Drugs. The very word strikes fear into the heart of parents. You might think that Christian families don't have to deal with the scourge of drugs. And you would be wrong.
What do you do when you find out that your teenage son or daughter is using drugs? What do you do when the trust is gone? What are your options when your teenager makes poor choices and the stakes get deadly serious?
Tough challenges. Tough choices. Two different families in our former church dealt with these challenges and choices. Neither turned to a Christian program. Instead, both turned to the Insight program in Atlanta (now also in Greensboro) for help.

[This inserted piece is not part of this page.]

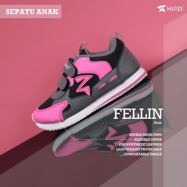 Hipzi - Sepatu Anak Felin Kids Warna Pink Size 26-35 Sekolah Laki Laki Perempuan Olahraga Terbaru

It sounds radical and it is. You send your child away to another city to live with a host family. Your child lives with this other family ... well, they sleep at their house and eat meals with them. However, your child basically spends the majority of their time hanging out with other kids going through the program. The rules are ... well, there are no rules ... ok, there are three rules, in the words of the founder of the program : "no fighting, no fixing, and no f___ing". They attend group outpatient sessions M-F (half-day sessions). The parents meet in their own support group (once every other week, I believe) while their kids are in the program.

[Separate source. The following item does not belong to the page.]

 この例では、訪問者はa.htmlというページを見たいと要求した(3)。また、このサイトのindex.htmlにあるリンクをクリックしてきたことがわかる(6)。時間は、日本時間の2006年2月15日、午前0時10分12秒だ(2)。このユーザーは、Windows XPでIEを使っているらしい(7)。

Other than the group sessions, the program looks like "controlled chaos." Kids hanging out till whenever. No curfews. Few boundaries. No drug testing. An honor system. The belief is that your peers will keep you accountable for staying clean. The philosophy is called enthusiastic sobriety. The program boasts of a high recovery rate in the first year.
The cost? Seven grand. The duration? Indeterminate. The outpatient sessions run six to eight weeks – but it seems to be entirely subjective. What happens next is part of the controversy. You would like to think that the child returns home and restarts life – equipped with new tools for coping with the temptation to use drugs. That rarely seems to be the case.

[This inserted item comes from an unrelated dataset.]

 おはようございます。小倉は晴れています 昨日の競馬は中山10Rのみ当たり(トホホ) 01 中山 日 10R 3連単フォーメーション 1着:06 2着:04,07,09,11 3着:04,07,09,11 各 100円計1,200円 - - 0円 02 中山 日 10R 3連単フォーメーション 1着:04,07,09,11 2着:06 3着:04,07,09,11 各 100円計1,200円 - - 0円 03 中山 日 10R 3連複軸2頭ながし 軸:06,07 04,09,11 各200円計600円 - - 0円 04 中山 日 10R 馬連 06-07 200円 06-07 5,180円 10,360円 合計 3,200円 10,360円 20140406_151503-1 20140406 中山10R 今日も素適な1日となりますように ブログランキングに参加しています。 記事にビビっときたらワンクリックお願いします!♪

Here is what happened in the two families we know about. In one family, their son stayed in the after-care program for two years. He eventually returned home, relapsed into drugs, and went right back to Atlanta to be with his friends from the program. He originally left home at fifteen.
In the other family, the son went through the program and then decided to become a counselor in the program. He stayed in the program (as a counselor) and to our knowledge, has never left. It has been five years. He originally left home at sixteen.
Some families are told that their child needs additional counseling. In one case, a mother was told that her daughter needed additional counseling. She reluctantly agreed and sent her daughter off for 45 days of inpatient counseling. The cost? Fourteen grand. The result? The mother eventually pulled her daughter out of the program and felt the $20,000 investment ultimately did nothing to help her daughter with addictions. Other parents, however, seem to think that the program is the answer to their prayers.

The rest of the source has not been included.